# [Given information]
====
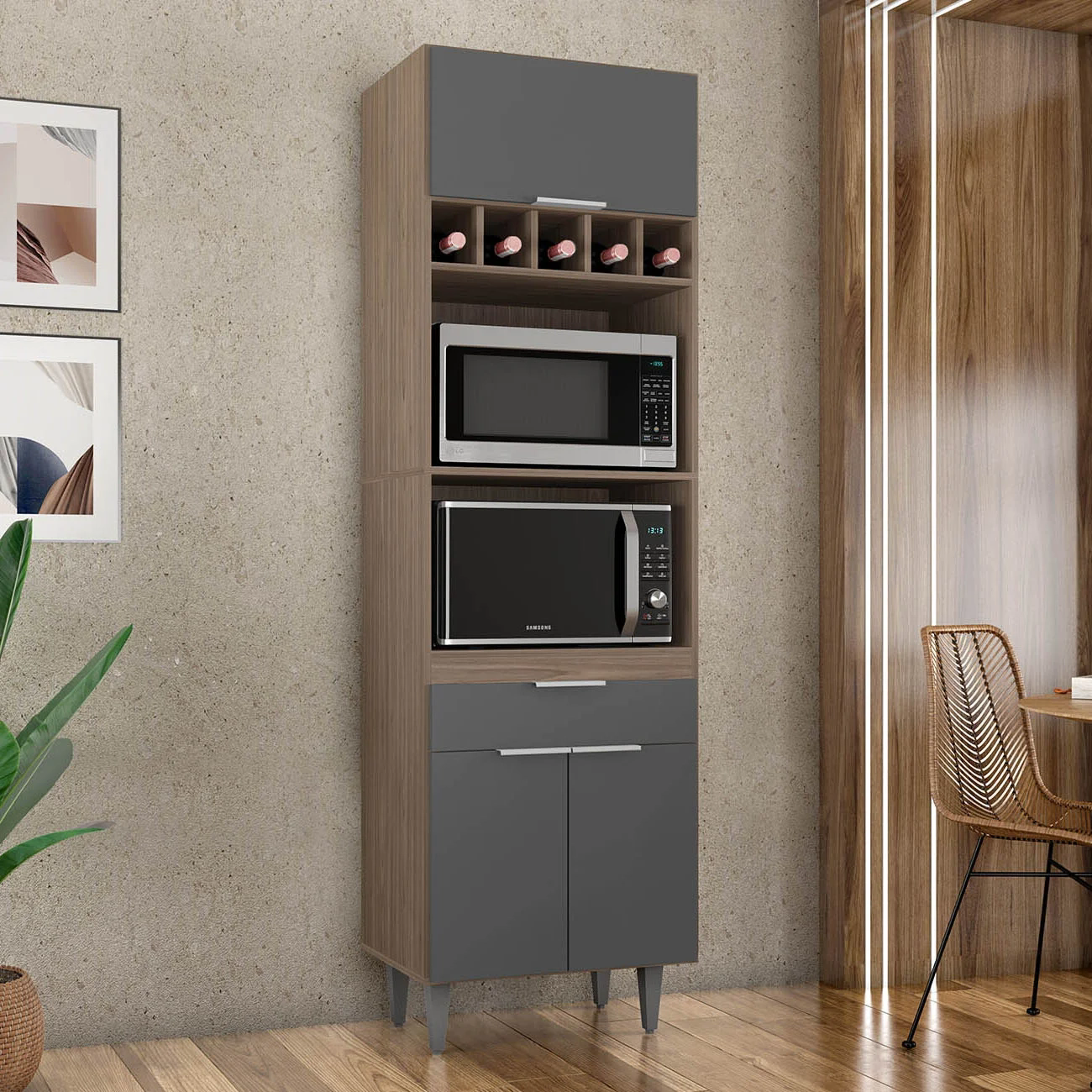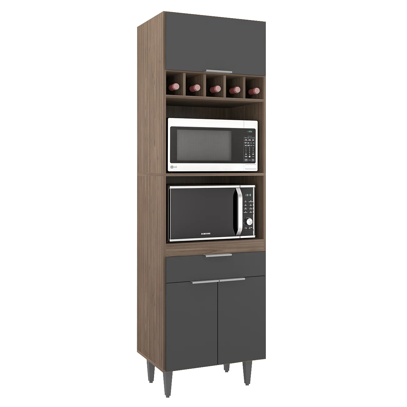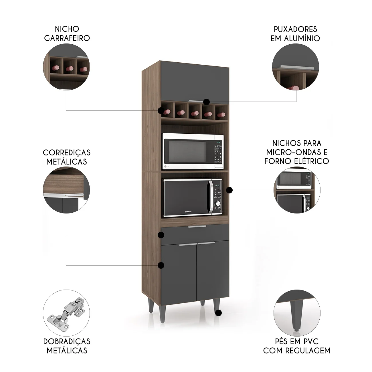 Ele conta com duas portas convencionais e uma porta basculante, todas com dobradiças metálicas, que garantem uma abertura suave. A gaveta, por sua vez, é equipada com corrediças metálicas, oferecendo facilidade no uso. Os puxadores em alumínio trazem um toque de sofisticação ao ambiente. Com amplo espaço para armazenamento, o Paneleiro Torre Quente possui dois nichos centrais para micro-ondas e forno elétrico, além de cinco nichos menores na parte superior, ideais para acomodar bebidas, objetos decorativos ou outros utensílios de sua preferência. A área interna é perfeita para organizar panelas, louças e utensílios de cozinha, de maneira eficiente. Fabricado em MDP 15mm, com acabamento em BP, proporciona maior resistência e durabilidade, prolongando a vida útil do Paneleiro de Cozinha. Os pés em PVC, são reguláveis, permitindo ajustar pequenos desníveis de piso e manter a estabilidade do produto.
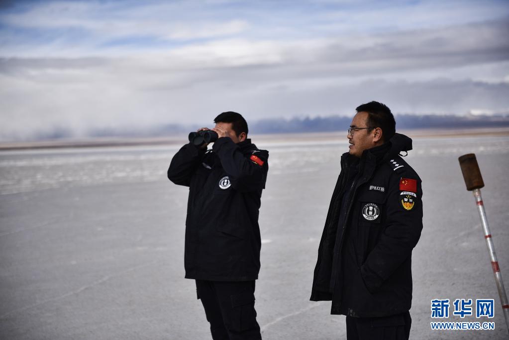 2016年12月1日,袁廣明(右)和隊友在可可西里腹地查看新生湖水位。新華社記者 吳剛 攝
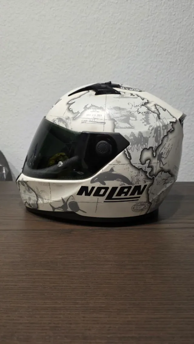 Casco integral NOLAN con diseño de mapa del mundo y animales marinos. Talla S - Réplica de Carlos Checa. - Visera oscura. - Diseño gráfico detallado.
====
Restate the material above word for word; pictures do not belong in the copy.

 Ele conta com duas portas convencionais e uma porta basculante, todas com dobradiças metálicas, que garantem uma abertura suave. A gaveta, por sua vez, é equipada com corrediças metálicas, oferecendo facilidade no uso. Os puxadores em alumínio trazem um toque de sofisticação ao ambiente. Com amplo espaço para armazenamento, o Paneleiro Torre Quente possui dois nichos centrais para micro-ondas e forno elétrico, além de cinco nichos menores na parte superior, ideais para acomodar bebidas, objetos decorativos ou outros utensílios de sua preferência. A área interna é perfeita para organizar panelas, louças e utensílios de cozinha, de maneira eficiente. Fabricado em MDP 15mm, com acabamento em BP, proporciona maior resistência e durabilidade, prolongando a vida útil do Paneleiro de Cozinha. Os pés em PVC, são reguláveis, permitindo ajustar pequenos desníveis de piso e manter a estabilidade do produto.
 2016年12月1日,袁廣明(右)和隊友在可可西里腹地查看新生湖水位。新華社記者 吳剛 攝
 Casco integral NOLAN con diseño de mapa del mundo y animales marinos. Talla S - Réplica de Carlos Checa. - Visera oscura. - Diseño gráfico detallado.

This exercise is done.